В конце «Творческой эволюции» Бергсон[LXXII] выступил с самой блистательной и убедительной критикой небытия как идеи, сформулировав, если вам это больше нравится, онтологическое доказательство немыслимое™ не-бытия; к этому я еще вернусь; в заслуженно известном тексте Бергсона мне достаточно заменить слово «не-бытие» словом «полная бессмыслица» (бессмысленность вселенной, в соответствии с пожеланием, которое не без труда просматривается у Жакоба, Моно, Морена), а слово «существование» словом «смысл».

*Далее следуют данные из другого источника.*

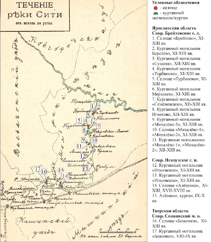 Известный археолог К.И. Комаров проводил систематические раскопки и разведки в Тверской, Ярославской и Костромской областях. Он убедительно доказал, что отмеченный в летописях путь Юрия Всеволодовича на Ярославль и Волгу шел через устье Шексны к Мологе и далее к низовьям Сити. И это заключение совпадает со сведениями о месте сражения в разных редакциях Жития Юрия Всеволодовича, которые, несмотря на поздний характер, устойчиво локализуют битву в низовьях реки: «на реце на Сите за Мологою рекою в Углецком уезде» или «близ реки Волги на реце Сити».

Бессмысленность есть суждение отрицающее; утверждать, будто мир лишен смысла, значит утверждать, что у него есть некий смысл, к которому прибавляется еще что-то; или, точнее говоря, что смысл мира отличается от того, который ему приписывается. По мнению тех, кто недавно вступил в ряды философов, отвергающих наличие смысла у мира, у этого последнего нет того смысла, которым его наделила христианская мысль, — или того, который классическая философия вывела из христианского смысла. Да, их отрицание смысла — это вопль гордыни, отчаяния или обманутой любви. Формулировка Эдгара Морена, намного превосходящая все прочие, оставляет приоткрытой дверь, ведущую к тоске по такому Смыслу, который означал бы Любовь.
При более внимательном рассмотрении обессмысленное утверждение полного отсутствия смысла у мира оказывается всего лишь заменой одного обозначения смысла другим обозначением смысла. Заменив телеологию программой, вы приходите к утверждению, что смысл — это программа. Вам неизбежно придется тогда отметить, что вселенная — это процесс, где всё эволюционирует и где растет объем информации, — и что отметить это значит отметить наличие смысла, некий вид смысла, присущий вселенной.

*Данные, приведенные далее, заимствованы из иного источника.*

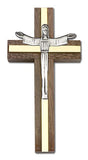 Contemporary Risen Christ Wall Cross in Walnut and Metal Inlay 4"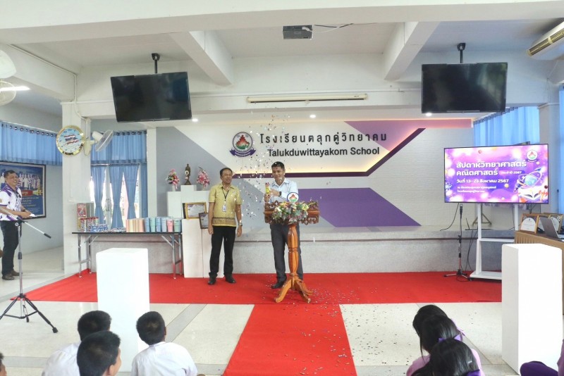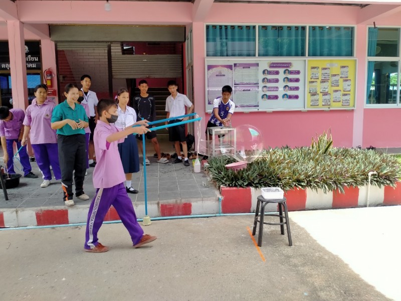 ในการจัดสัปดาห์วิทยาศาสตร์ คณิตศาสตร์ โดยมีนางสาวนภาลัย เชื้อกสิการ หัวหน้ากลุ่มสาระการเรียนรู้วิทยาศาสตร์และเทคโนโลยี กล่าวรายงาน มีการแข่งขันตอบปัญหาวิทยาศาสตร์ - แข่งขันจรวดขวดน้ำ – ประกวดชุดรีไซเคิล - แข่งขันโยนไข่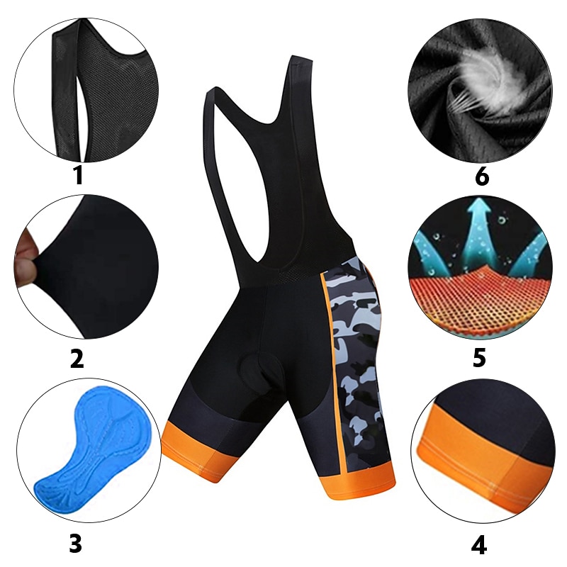 Highlights 1. Keep essentials handy with classic 3-pocket design 2. Breathable, moisture-wicking fabric for added comfort during long rides 3. Four-way stretchy crotch with high elasticity to prevent torn fabric 4. Anti-slip silicone grips prevent slippage and ensure a compressed fit 5. 3D thickened protection pad with gel and foam padding for added comfort and injury prevention 6. Durable spandex fabric with patchwork and camouflage patterns 7. Suitable for both mountain bike MTB and road bike cycling disciplines 8. Quick-dry and UV-resistant properties for enhanced performance.

2) Второе положение касается смерти, разумеется — настоящей, не смерти светила или живого существа, лишенного самосознания, а смерти в библейском смысле — то есть в смысле человеческом, смерти того, кто знает, что ему суждено умереть.
По поводу смерти в нашем распоряжении только две достоверности[LXXIII]; увиденное со стороны — и известное изнутри; наблюдение — и самоанализ.

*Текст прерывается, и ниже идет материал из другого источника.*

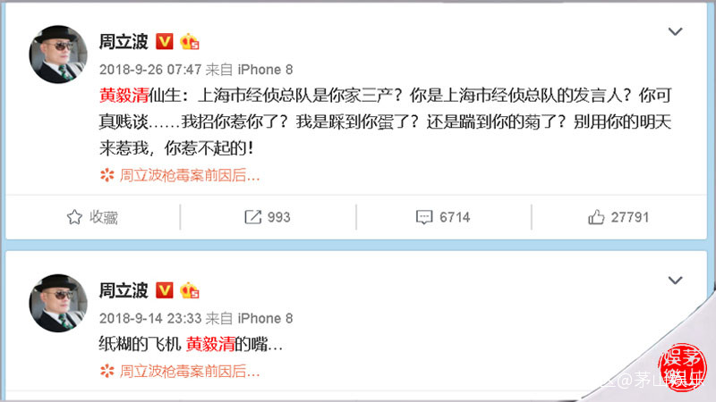 資料圖而到了2018年9月份左右,不知道因何,他又參與到周立波、唐爽的口水仗之中,並直接站隊唐爽這邊。從周立波微博大致可以查到,他和黃毅清二人的口水仗大概始於2018年9月份,他先是在9月14號時發文稱“紙糊的飛機,黃毅清的嘴……”,26號時他又怒罵黃毅清,這次還使用了不太文明的字眼,比如“我是踩到你Dan了?還是踹到你的Ju了?”從此之後,黃毅清“碰瓷”周立波成功,直到他被抓,二人間的口水仗幾乎沒停過。

Невозможно отвергнуть свидетельство трупа. Люди бегут от трупа — или плутуют с ним, прибегая ко всяким уловкам (от кремации — до мумифицирования). Невозможность отвергнуть побуждает уклониться от обсуждения. Что может быть более возмутительным, чем отсрочка в плане сохранения человеческой видимости, отпущенная тошнотворному скоплению материи, которое в течение долгого времени было живой формой, сохранявшей свои неповторимые жизненные черты… за счет внешнего мира. Это наделенное знанием тело… утратило свою тайну. Труп свидетельствует о необратимости стрелы времени. Труп любимого существа знаменует вступление на путь отвращения, смешанного с ужасом, и, что гораздо хуже, — не-бытия.